La decisione, da quello che ci risulta, era stata presa già da diverse settimane, ma il veloce deteriorarsi del quadro politico cittadino deve aver spinto ad anticipare l’ufficializzazione del “ritorno in campo”. “Faremo la nostra parte – scrive Giannini – per proporre idee ed iniziative, ma anche per esaminare con attenzione critica e senza pregiudizi l’evolversi del dibattito politico. Dobbiamo questo passo a tutti coloro che ci hanno sostenuto nel momento elettorale, e che si sono avvicinati a noi con l’obiettivo di interpretare la politica in un senso diverso da quello puramente partitico, vivendola nel quotidiano, in famiglia, nel lavoro, come un mezzo per interessarsi della collettività e senza posizioni preconcette”.
In merito allo stallo che si trova ad affrontare l’Amministrazione Ruggiano, Maurizio Giannini suggerisce “al sindaco e alla Giunta di individuare alcuni temi (pochi e molto sentiti dalla gente, da affrontare nel breve periodo, da qui a sei mesi) e di elaborare proposte molto concrete, da sottoporre ad assemblee pubbliche, negli incontri nelle frazioni e con le associazioni, alla stampa, diffondendole anche attraverso tutte le altre forme di comunicazione possibili. Andrà evidenziato con chiarezza che tali proposte saranno portate in Consiglio, dove la maggioranza numerica è del centrosinistra, che si assumerà ogni responsabilità dell’eventuale mancata approvazione“.
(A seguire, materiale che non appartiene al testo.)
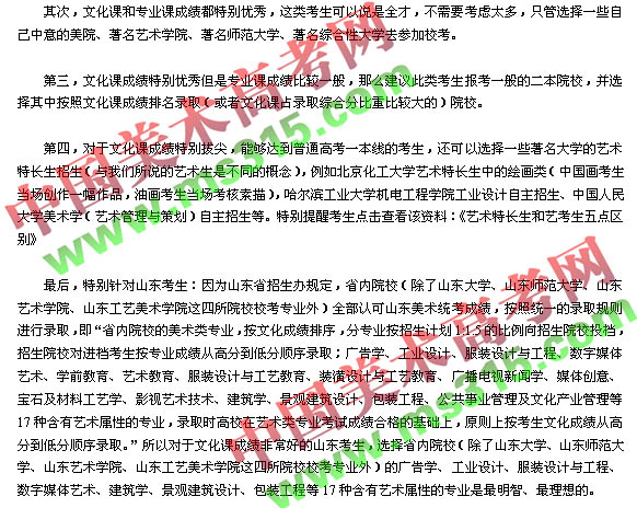 首先,文化课成绩特别优秀但是专业课成绩比较差的的考生。这类考生可以报考一些著名美院,例如中央美术学院(美术学)、清华大学美术学院艺术史论(艺术设计学)、中国美术学院美术与设计理论类专业(含艺术设计学、史论、视觉文化与艺术管理)、西安美术学院美术学(美术史论)、鲁迅美术学院美术学(美术史论、文化传播与管理)、天津美术学院史论类(设计史论、美术史论)、广州美术学院美术史(文科类)、四川美术学院理论类【美术学(美术史论、艺术策划与管理、艺术与文化遗产)、艺术设计学】、湖北美术学院【美术学(史论)、艺术设计学、艺术管理】、山东工艺美术学院史论类(艺术设计学、美术学、广告学)、南京艺术学院【美术学(美术理论)、美术学(文物鉴赏与修复)、艺术设计学(设计理论与策划)、吉林艺术学院美术学(美术馆管理、美术理论与批评、艺术品经营与拍卖、鉴定与修复方向)和、广西艺术学院艺术设计学和美术学(美术史论、文化艺术管理)、云南艺术学院摄影(影视摄影)、新疆艺术学院美术学(美术史论)、北京师范大学数字媒体艺术、上海大学美术学(只对上海招生)、东北师范大学学前教育(只对东北三省招生)、四川大学美术学(史论方向,只面向部分省份招生)等,具体的招生情况请广大考生参考各校当年的艺术类招生简章:http://www.ms315.com/msgk/index.htm

E’ appena il caso di ricordare che Todiviva non è riuscita ad eleggere in Consiglio comunale un suo rappresentante. Il rinnovato impegno del movimento di Giannini, però, potrebbe in ogni caso intercettare qualcuno dei molti malesseri politici individuali in circolazione o, al contrario, finire per innestarsi con le iniziative di altri “ribelli” o “cavalieri solitari”.